EXERCISE DIRECTIONS
Starting with the line that holds "由圖4可以看出,在酸性條件下", reproduce each line through the last one of the data, exactly as written. Pictures are not copied.
____ INPUT RECORDS
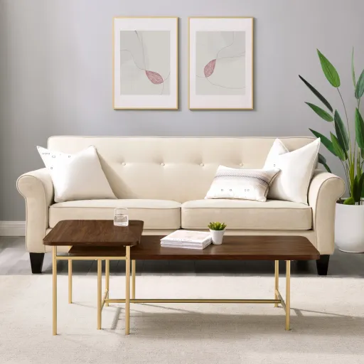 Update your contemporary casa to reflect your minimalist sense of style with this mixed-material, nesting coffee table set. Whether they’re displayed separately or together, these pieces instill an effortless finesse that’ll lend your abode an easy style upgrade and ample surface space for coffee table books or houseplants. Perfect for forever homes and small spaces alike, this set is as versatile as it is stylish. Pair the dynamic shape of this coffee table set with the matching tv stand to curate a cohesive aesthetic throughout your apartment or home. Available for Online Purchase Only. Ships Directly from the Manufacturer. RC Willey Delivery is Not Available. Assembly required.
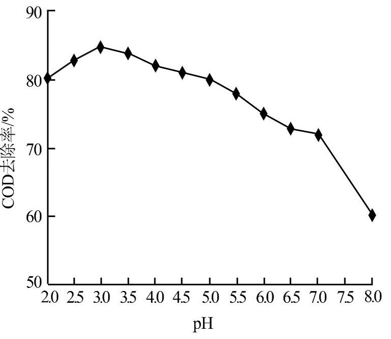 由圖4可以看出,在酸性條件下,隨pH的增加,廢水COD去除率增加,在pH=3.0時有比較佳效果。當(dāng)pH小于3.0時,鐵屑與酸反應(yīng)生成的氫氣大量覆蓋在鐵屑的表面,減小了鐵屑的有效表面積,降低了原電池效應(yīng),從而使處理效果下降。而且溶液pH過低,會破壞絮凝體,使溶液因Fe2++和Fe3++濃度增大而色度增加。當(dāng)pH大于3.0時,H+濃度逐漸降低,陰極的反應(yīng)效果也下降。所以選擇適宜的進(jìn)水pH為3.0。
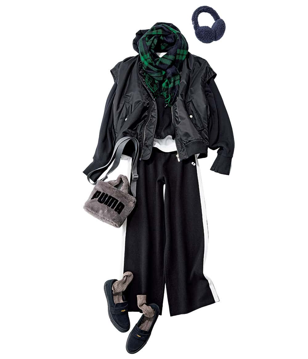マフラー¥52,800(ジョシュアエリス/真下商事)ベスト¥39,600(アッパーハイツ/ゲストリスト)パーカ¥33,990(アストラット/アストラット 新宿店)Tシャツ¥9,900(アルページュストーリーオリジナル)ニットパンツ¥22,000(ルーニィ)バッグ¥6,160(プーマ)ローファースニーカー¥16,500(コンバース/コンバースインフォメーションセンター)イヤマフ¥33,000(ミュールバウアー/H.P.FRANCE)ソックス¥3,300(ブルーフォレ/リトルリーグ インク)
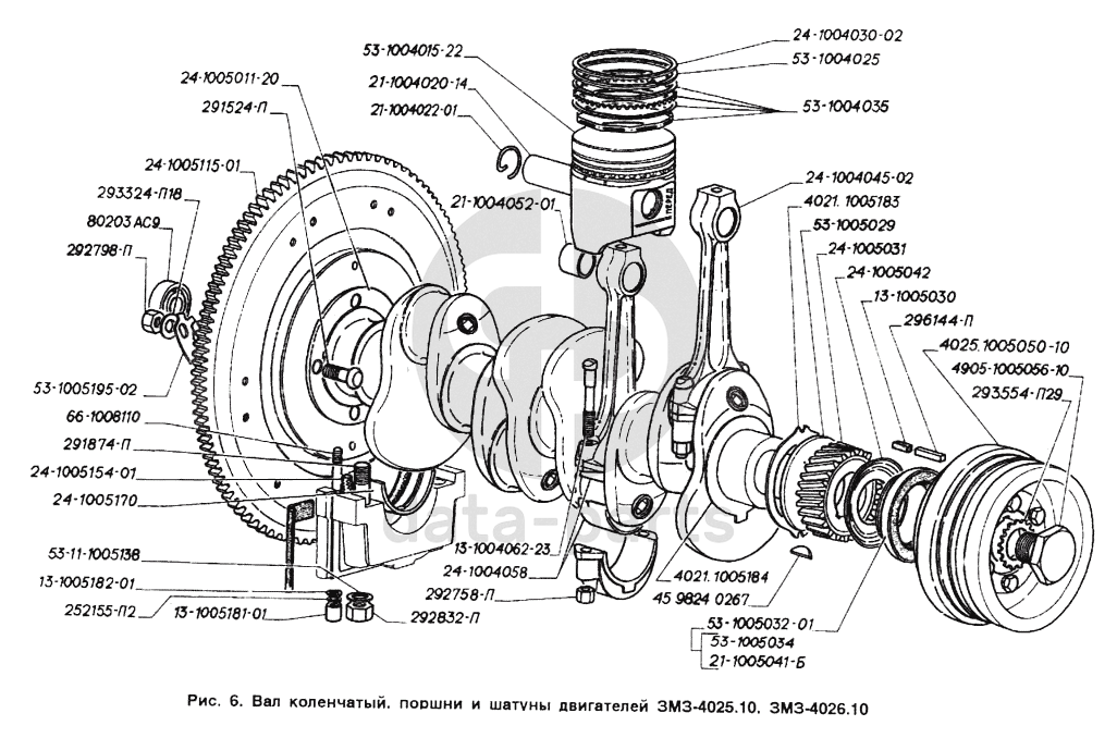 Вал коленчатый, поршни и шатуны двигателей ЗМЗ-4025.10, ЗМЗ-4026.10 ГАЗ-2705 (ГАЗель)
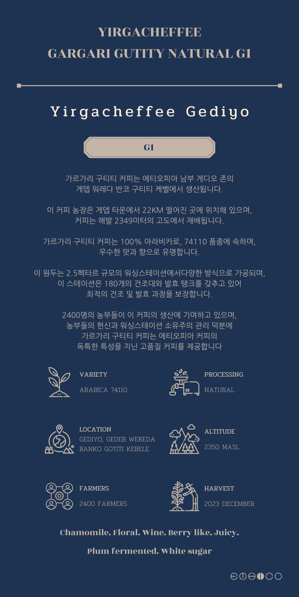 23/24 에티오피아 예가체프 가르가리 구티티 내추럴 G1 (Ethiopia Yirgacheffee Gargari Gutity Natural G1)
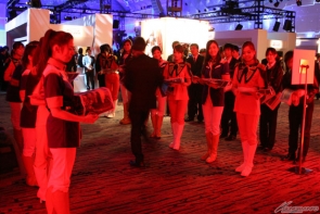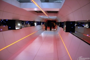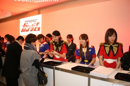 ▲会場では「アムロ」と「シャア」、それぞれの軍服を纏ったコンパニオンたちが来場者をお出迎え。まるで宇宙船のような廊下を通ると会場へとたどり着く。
________
REPLY
 由圖4可以看出,在酸性條件下,隨pH的增加,廢水COD去除率增加,在pH=3.0時有比較佳效果。當(dāng)pH小于3.0時,鐵屑與酸反應(yīng)生成的氫氣大量覆蓋在鐵屑的表面,減小了鐵屑的有效表面積,降低了原電池效應(yīng),從而使處理效果下降。而且溶液pH過低,會破壞絮凝體,使溶液因Fe2++和Fe3++濃度增大而色度增加。當(dāng)pH大于3.0時,H+濃度逐漸降低,陰極的反應(yīng)效果也下降。所以選擇適宜的進(jìn)水pH為3.0。
マフラー¥52,800(ジョシュアエリス/真下商事)ベスト¥39,600(アッパーハイツ/ゲストリスト)パーカ¥33,990(アストラット/アストラット 新宿店)Tシャツ¥9,900(アルページュストーリーオリジナル)ニットパンツ¥22,000(ルーニィ)バッグ¥6,160(プーマ)ローファースニーカー¥16,500(コンバース/コンバースインフォメーションセンター)イヤマフ¥33,000(ミュールバウアー/H.P.FRANCE)ソックス¥3,300(ブルーフォレ/リトルリーグ インク)
 Вал коленчатый, поршни и шатуны двигателей ЗМЗ-4025.10, ЗМЗ-4026.10 ГАЗ-2705 (ГАЗель)
 23/24 에티오피아 예가체프 가르가리 구티티 내추럴 G1 (Ethiopia Yirgacheffee Gargari Gutity Natural G1)
 ▲会場では「アムロ」と「シャア」、それぞれの軍服を纏ったコンパニオンたちが来場者をお出迎え。まるで宇宙船のような廊下を通ると会場へとたどり着く。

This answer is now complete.